- Died: January 15, 69 Rome, Roman Empire
- Allegiance: Roman Empire
- Service / branch: Praetorian Guard
- Rank: Centurion

= Sempronius Densus =

1st century Roman centurion in the Praetorian Guard

Sempronius Densus was a centurion in the Praetorian Guard in the 1st century. He was bodyguard to the emperor's heir, Piso Licinianus, and is remembered by history for his courage and loyalty in singlehandedly defending his charge from scores of armed assassins, while all his comrades deserted or switched sides.

==Conspiracy==
On January 10, 69 CE, Emperor Galba chose a man to become his deputy and heir. One of Galba's advisors had led Marcus Salvius Otho to expect to be appointed to this office, but instead Galba chose Piso Licinianus. This unexpected choice led Otho to conspire to assassinate both of them and seize power.

==Assassination and death==
On January 15 Otho struck. Galba and Piso were being carried on litters through the street when they were accosted by a large company of renegade Praetorians in Otho's employ. The Praetorians were supposed to be the personal bodyguard of the emperor, but now they intended his death. Of all the soldiers present, only Sempronius Densus, who had been assigned by Galba to guard Piso, stood firm, while his colleagues either joined in the murder or melted away. While Piso fled to seek a safe hiding place, Sempronius bought him time to escape, first remonstrating with the assassins and then fighting them to the death.

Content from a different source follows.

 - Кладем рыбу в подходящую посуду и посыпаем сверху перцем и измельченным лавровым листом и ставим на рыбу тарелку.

At this point sources differ slightly. According to Plutarch, Sempronius gave his life defending both Galba and Piso:

No man resisted or offered to stand up in his defence, save one only, a centurion, Sempronius Densus, the single man among so many thousands that the sun beheld that day act worthily of the Roman empire, who, though he had never received any favour from Galba, yet out of bravery and allegiance endeavoured to defend the litter. First, lifting up his switch of vine, with which the centurions correct the soldiers when disorderly, he called aloud to the aggressors, charging them not to touch their emperor. And when they came upon him hand-to-hand, he drew his sword, and made a defence for a long time, until at last he was cut under the knees and brought to the ground.

After Sempronius finally fell, the assassins surrounded Galba and killed him.

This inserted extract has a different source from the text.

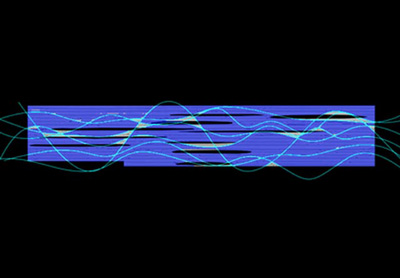 There are two types of flow. One is stratified flow, and the other is turbulent flow. Therefore, one of the screens in this station was dedicated to turbulent flow and the other to stratified flow. (Turbulent flow is used here in a metaphoric sense, since there are no actual eddies.)

Tacitus however describes Galba's death as occurring first in the order of events, followed by the centurion's last stand, in which Sempronius uses a pugio.

Dio Cassius simply relates:

Sempronius Densus, a centurion, defended him as long as he could, and finally, when he could accomplish nothing, let himself be slain over Galba's body.

Suetonious entirely omits the death of Sempronius from his accounts on the deaths of Galba and Piso.

==Outcome==
However, all of the sources agree on what happened next. While most of the assassins hacked Galba's corpse to pieces and paraded his severed head on a pole, two of them sought out Piso, who had taken refuge in the Temple of Vesta. They dragged him outside and killed him at the door.

Around 120 people later claimed credit for killing Galba and Piso, hoping that Otho would reward them. However, in April that year Otho was deposed by Vitellius, who replaced him as emperor. Vitellius found the list of their names and ordered them all executed. He also disbanded the Praetorian Guard (although the Guard was reinstated by the next emperor, Vespasian).

Although ultimately unsuccessful, Sempronius Densus's last stand is recorded by historians as being the only heroic act done in Rome that day.

This is why I have recorded his name, for he is most worthy of being mentioned. — Dio Cassius.